The facts in this case indicate that on August 27, 1991 appellant, then a 43-year-old budget analyst, filed an occupational disease claim, stating that exposure to a pesticide at work caused respiratory and neurological problems.[1] On August 26, 1992 the Office of Workers’ Compensation Programs accepted that she sustained employment-related chemical sensitivity syndrome with secondary anxiety and depression. She missed intermittent periods of work and received appropriate compensation. On December 17, 1993 she filed a recurrence claim, stating that she became disabled on September 14, 1993 because of varnishing at work[2] and continued to file Forms CA-8 claims for continuing compensation thereafter. By decision dated February 2, 1994, the Office rejected the claim on the grounds that the evidence failed to establish causal relationship between the recurrence and the employment injury. On February 7, 1994 and October 17, 1995 appellant requested reconsideration and submitted additional evidence.[3] In decisions dated November 16, 1994 and March 6, 1996, the Office denied modification of the prior decision. The instant appeal follows.
The Board finds this case is not in posture for decision.
An individual who claims a recurrence of disability due to an accepted employment-related injury has the burden of establishing by the weight of the substantial, reliable, and probative evidence that the recurrence of the disabling condition for which compensation is sought is causally related to the accepted employment injury.[4] This burden includes the necessity of furnishing evidence from a qualified physician who, on the basis of a complete and accurate factual and medical history, concludes that the condition is causally related to the employment injury and supports that conclusion with sound medical reasoning.[5] Causal relationship is a medical issue,[6] and the medical evidence required to establish a causal relationship is rationalized medical evidence. Rationalized medical evidence is medical evidence which includes a physician’s rationalized medical opinion on the issue of whether there is a causal relationship between the claimant’s diagnosed condition and the implicated employment factors. The opinion of the physician must be based on a complete factual and medical background of the claimant, must be one of reasonable medical certainty, and must be supported by medical rationale explaining the nature of the relationship between the diagnosed condition and the specific employment factors identified by the claimant.[7]
The relevant medical evidence includes numerous Office form reports in which both appellant’s treating psychologist, John H. Heckler, Ph.D., and her treating physician, Dr. Barbara Scolnick, who is Board-certified in both internal medicine and preventive medicine, advised that she could not work due to the employment-related condition.
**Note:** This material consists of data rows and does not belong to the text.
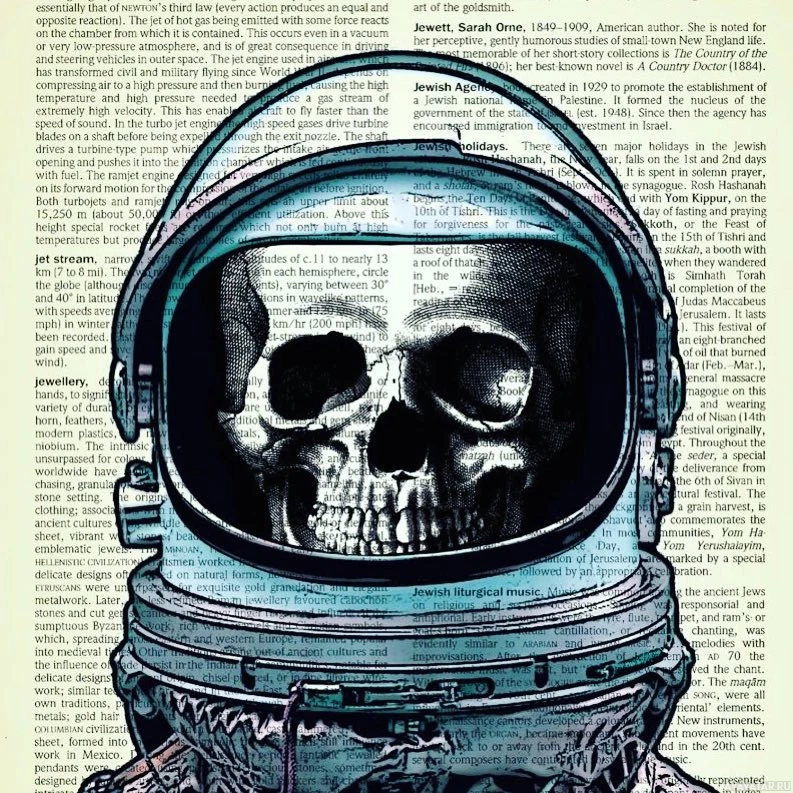 a space suit, but instead of a human head inside the helmet, there is a skull. This creates a contrasting theme where one might expect to see a living person, but instead sees an emblematic representation of death or mortality within the context of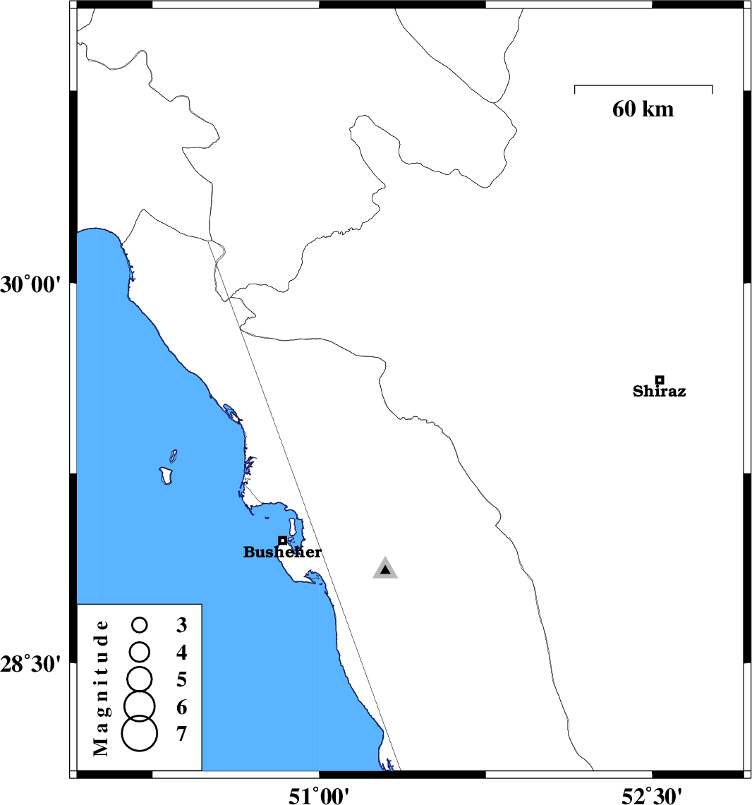 | 2008/06/15 | 08:50:17.8 | 13:20:17.8 | 29.57 | 51.41 | 15 | ML:3.2 | 24 km West of Kazerun, Fars Province |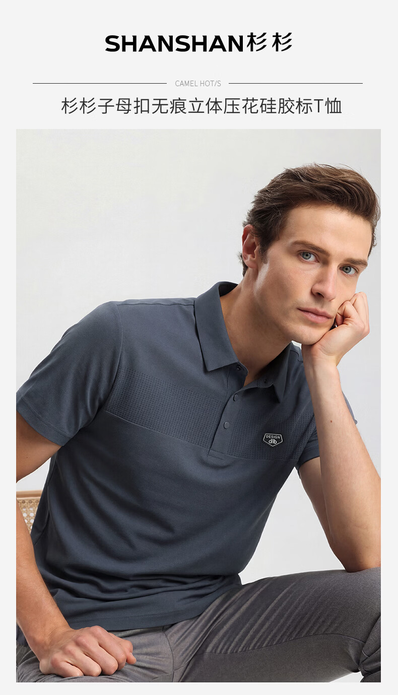SHANSHAN杉杉【无痕压胶透气】短袖t恤男纯色百搭POLO衫锦氨夏季 绿色 L /175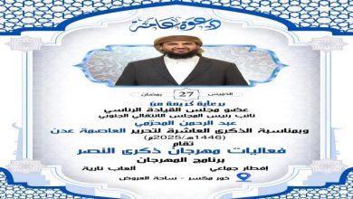 دعت اللجنة التحضيرية لمهرجان ذكرى النصر، جميع أبناء العاصمة عدن والمحافظات المجاورة للمشاركة في فعاليات المهرجان وحضور الإفطار الجماعي المقرر…

By letter dated December 14, 1993, Dr. Scolnick advised:
“There is a tremendous amount of controversy regarding the etiology and treatment of [multiple chemical sensitivity]. My opinion is that it is best to understand that the patient is suffering, offer optimism that things will probably get better, avoid some expensive ‘sensitivity treatment’ and definitely offer psychotherapy. [Appellant] has done all the above and continued to work until September 14, 1993 when all the anxiety and difficulties became too much. Hopefully she will return to work after a hiatus gives her time to heal.”
In a February 27, 1994 report, Dr. Scolnick related:
“[Appellant] never felt well, although she never gave up, and there were ups and downs. In September 1993 she was under continued stress, plus her mother who lives with [her] was ill, and [appellant] also developed another medical problem. While both her therapist and I had thought it best in the past to encourage her efforts to work, at this point it became clear the anxiety was overwhelming and it was in her best interest to remove herself from the constant stress of avoiding chemicals and smells at work and take some time to feel better.”
In a report dated February 13, 1995, Dr. Heckler advised:
“The medical leave of absence of [appellant] from October 1993 into January 1994 was determined as medically necessary by both Dr. Scolnick, the occupational health physician, and myself because of a buildup of both chemical reactions to her workplace and other environments and reactions/precipitants of a psychological nature which were inhibiting her daily functioning and setting off a cycle of chemical reactions and emotional problems that were largely unresolvable without [appellant] taking a ‘leave.’ In particular, [appellant] was experiencing severe anxiety attacks with episodes of depression.”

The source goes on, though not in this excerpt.